> **Data for review**
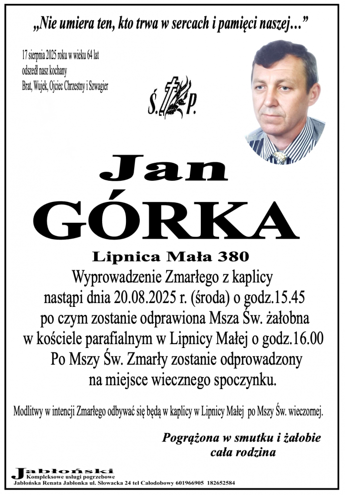 Jan Górka - Nekrologi - podhale24.pl
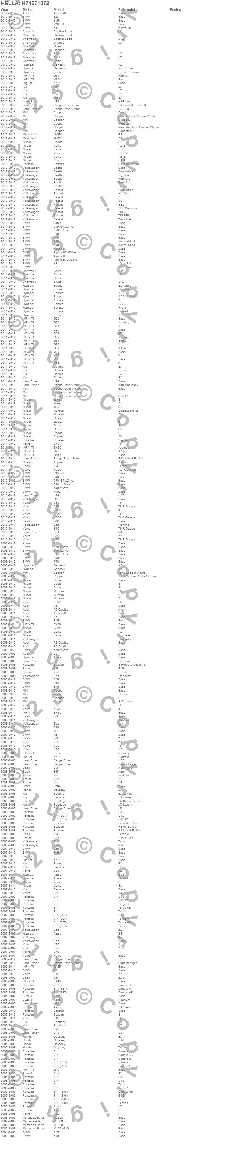 Below is an abreviated list of applications for the Optilux XY Series H8 Xenon Halogen Bulb.
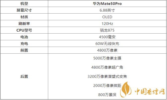 以上就是香煙網(wǎng)小編為大家介紹的華為Mate50Pro參數(shù)詳情的相關(guān)內(nèi)容了,希望對大家在選擇時有所幫助。了解更多實用手機(jī)相關(guān)咨詢,請關(guān)注香煙網(wǎng)。
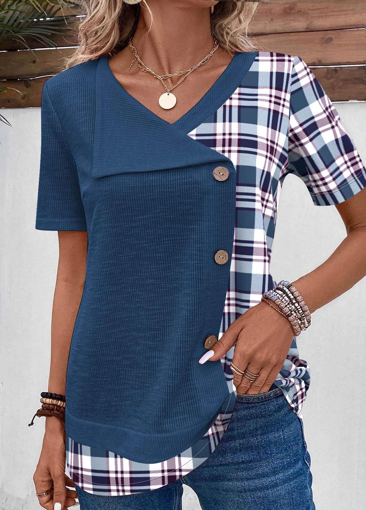 Be the first to review “Plus Size Blue Patchwork Plaid T Shirt” Cancel reply
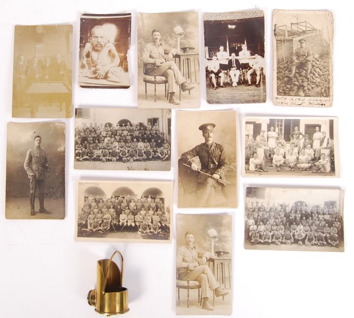 A collection of both First & Second World War items to include a Second World War small artillery shell trench art piece in the form of a coal scuttle. ' 1943 ' stamped to bottom. Measures approx 8cm tal, and a collection of First World War photographs of groups of soldiers, soldiers posing, Colonial man, group of men playing pool & others.
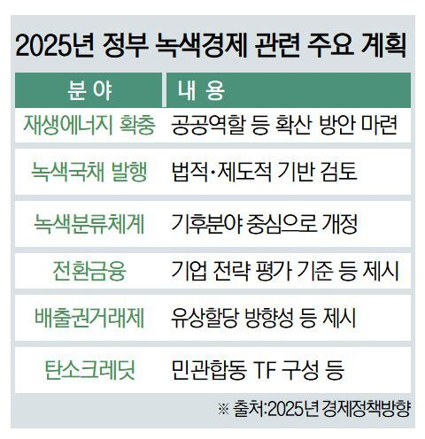정부가 오는 3월까지 재생에너지 보급 확산 방안을 내놓기로 했다. 연내에는 녹색산업 여부를 판단하는 ‘한국형 녹색분류체계(택소노미)’를 기후 분야 중심으로 개정한다. 시민 사회는 지난 6년간 발행된 ‘녹색채권 사용처 전수조사 결과’(2024년 11월 28일자 1면 등 보도)를 녹색금융 정책의 구조적 변화에 맞춰 적극적으로 활용하겠다는 구상을 내놓았다.

> **Required work**
The answer must consist solely of the lines from the first line of the records through the line containing "以上就是香煙網(wǎng)小", reproduced exactly and without the pictures.

> **Response to this exercise**
 Jan Górka - Nekrologi - podhale24.pl
 Below is an abreviated list of applications for the Optilux XY Series H8 Xenon Halogen Bulb.
 以上就是香煙網(wǎng)小編為大家介紹的華為Mate50Pro參數(shù)詳情的相關(guān)內(nèi)容了,希望對大家在選擇時有所幫助。了解更多實用手機(jī)相關(guān)咨詢,請關(guān)注香煙網(wǎng)。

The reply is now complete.